Debian and Ubuntu Special Configuration

To use EAP authentication on Debian and Ubuntu machines, you must run these commands to install the required plugins before a strongSwan restart:

  • sudo apt-get install libstrongswan-extra-plugins

  • sudo apt-get install libcharon-extra-plugins

Useful strongSwan Commands

On CentOS and Fedora, the primary command is: strongswan.

On Ubuntu and Debian, the primary command is: ipsec.

  • "strongswan restart", or "ipsec restart"

    Terminates all IPsec connections, stops the IKE daemon "charon", parses the "ipsec.conf" file, and starts the IKE daemon "charon".

  • "strongswan rereadsecrets", or "ipsec rereadsecrets"

    Reads all secrets defined in the ipsec.secrets file and updates them.

  • "strongswan update", or "ipsec update"

    Determines any changes in the "ipsec.conf" file and updates the configuration on the active IKE daemon "charon".

    Configuration changes do not affect established connections.

    Note - To use changes in the "ipsec.conf" or "ipsec.secrets" file, you must run the command with the "rereadsecrets" options (not with the "update" option). For full command syntax, go to the strongswan.org web site (see the IpsecCommand section).

How to Convert a P12 File into a Private Key and Public Cert

  • XCA Tool

    • Use the XCA tool.

    • Download it from the hohnstaedt.de site in the XCA directory.

  • OpenSSL Commands

    • openssl pkcs12 -in <P12_CERTIFICATE>.p12 -clcerts -nokeys -out <EXTRACTED_CERTIFICATE>.crt

    • openssl pkcs12 -in <P12_CERTIFICATE>.p12 -nocerts -out <EXTRACTED_PRIVATE>.key

Known Limitations

  • Simultaneous Login

    Two simultaneous connections for the same user are not supported. Each connection must be an individual user or the first connection disconnects.

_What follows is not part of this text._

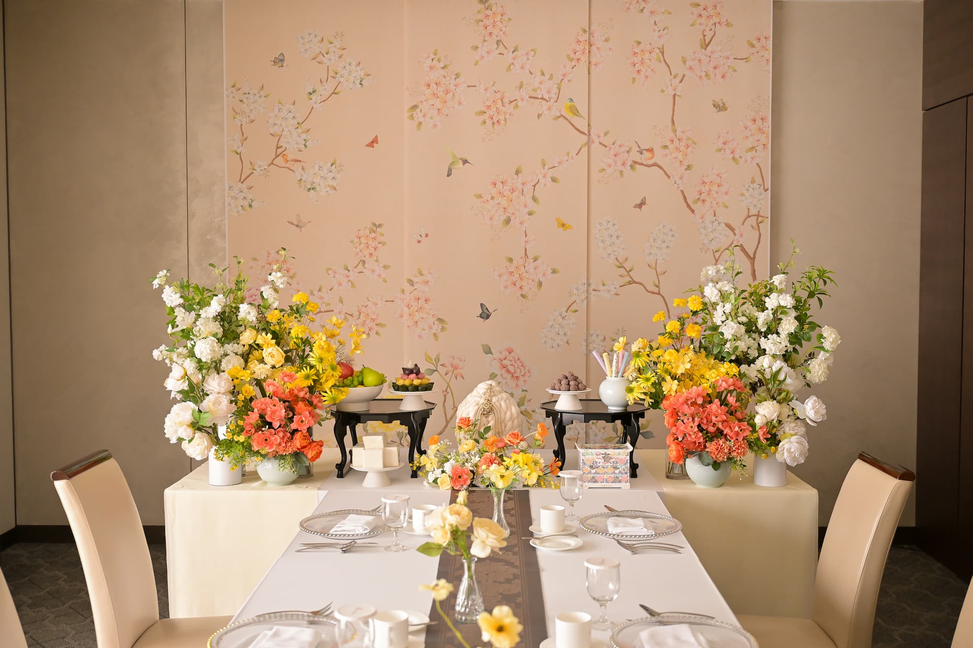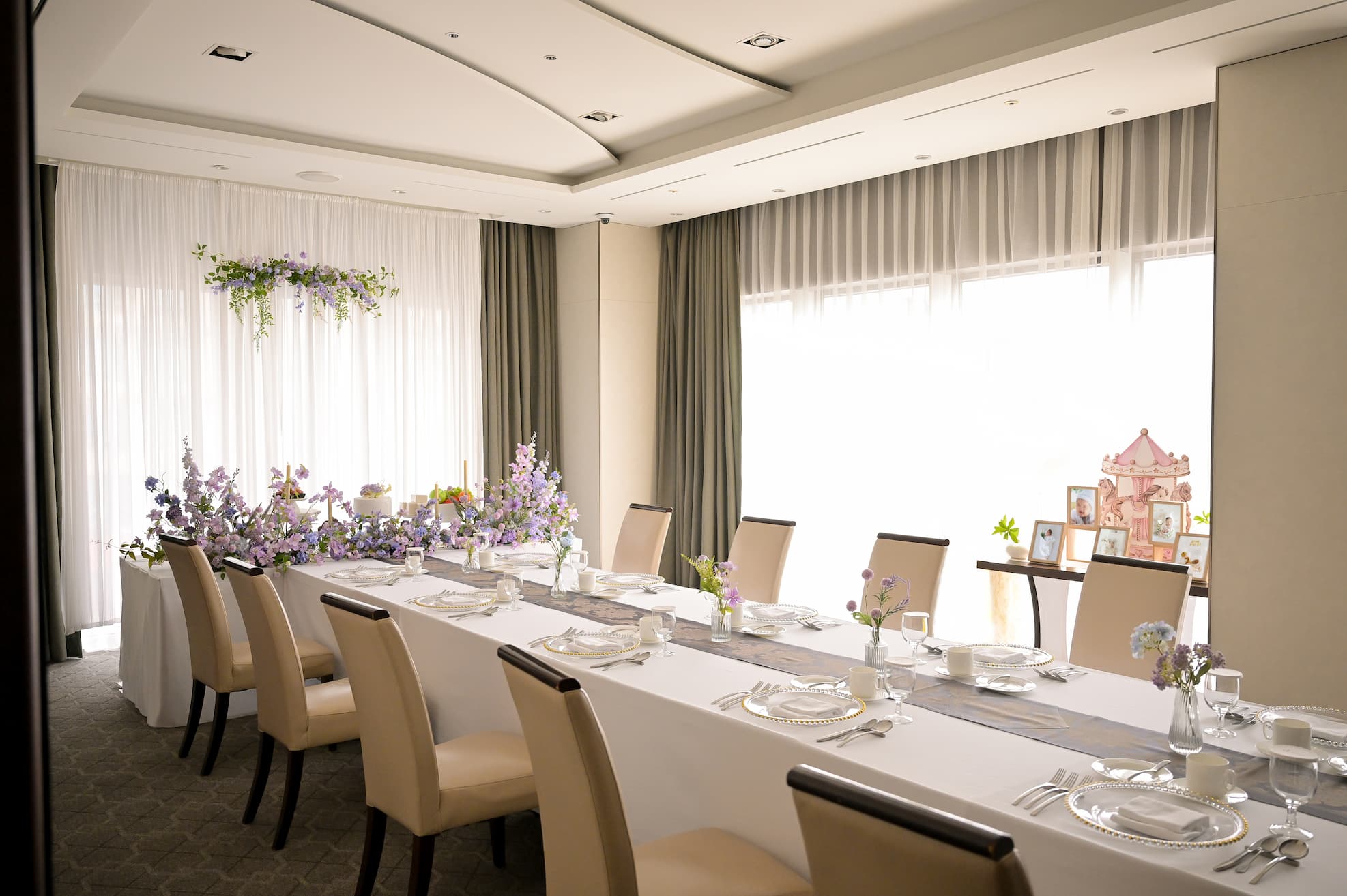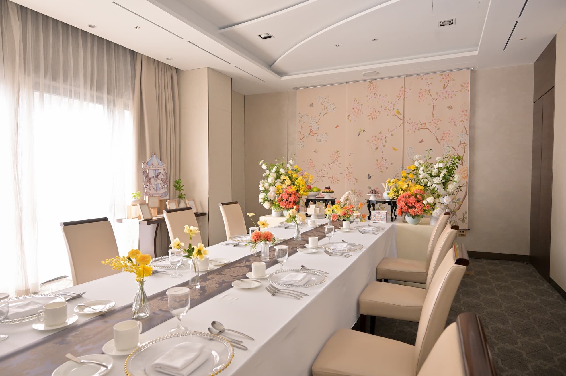밝고 화사한 분위기 속에서 가족이 함께 어우러지는 연회 공간입니다. 여유로운 공간 구성과 부드러운 조명이 따뜻하고 경쾌한 모임을 완성합니다. 정갈한 다이닝과 세심한 서비스가 웃음이 가득한 가족연의 순간을 더욱 빛나게 합니다.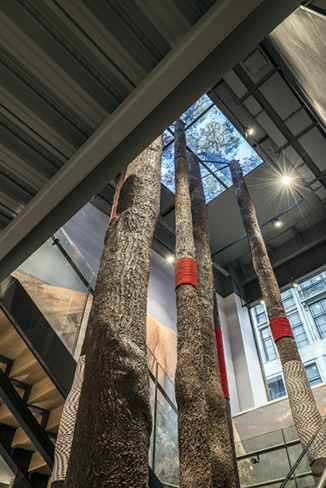 Whether it’s climbing, skiing, mountaineering or another extreme sport that is your passion, the last store that we review will satisfy every adrenalin junkie’s needs. From the enormous LED screen in the window to the overhead band complete with multiple skylights instore and the magnificent group of giant tree trunks in the stairwell, it delivers an epic adventure within its four walls.

  • Office Mode with Multiple External Interfaces

    Enhancements for Gateways with multiple external interfaces require NAT-T usage on the client side.

    Enforcement requires the NAT-T environment, or the configuration of "forceencaps = yes" in the "ipsec.conf" file.

  • Back Connection

    Connections from the encryption domain to the assigned IP address of the client by the Security Gateway are not supported.

  • Realms

    Realms are not supported. The client uses “Legacy authentication”.

  • Machine Authentication

    Machine authentication is not supported.

  • Two-Factor Authentication

    Two-Factor Authentication is not supported.

  • Encryption Domain

    Encryption domain changes must deploy on the client side with configuration file changes in some scenarios.

  • Advanced Remote Access features are not supported

    • Certificate enrollment.

    • Link Selection.

    • Location Awareness.

    • Multiple Entry Point (MEP).

    • Secondary Connect.

    • Secure Configuration Verification (SCV).

    • Visitor Mode.

  • IPv6

    IPv6 is not supported.

  • Certificate Usage

    The customer deploys the certificates.

  • Certificate Authentication

    Certificate authentication with ICAClosed Internal Certificate Authority. A component on Check Point Management Server that issues certificates for authentication. is only supported without a CRL check.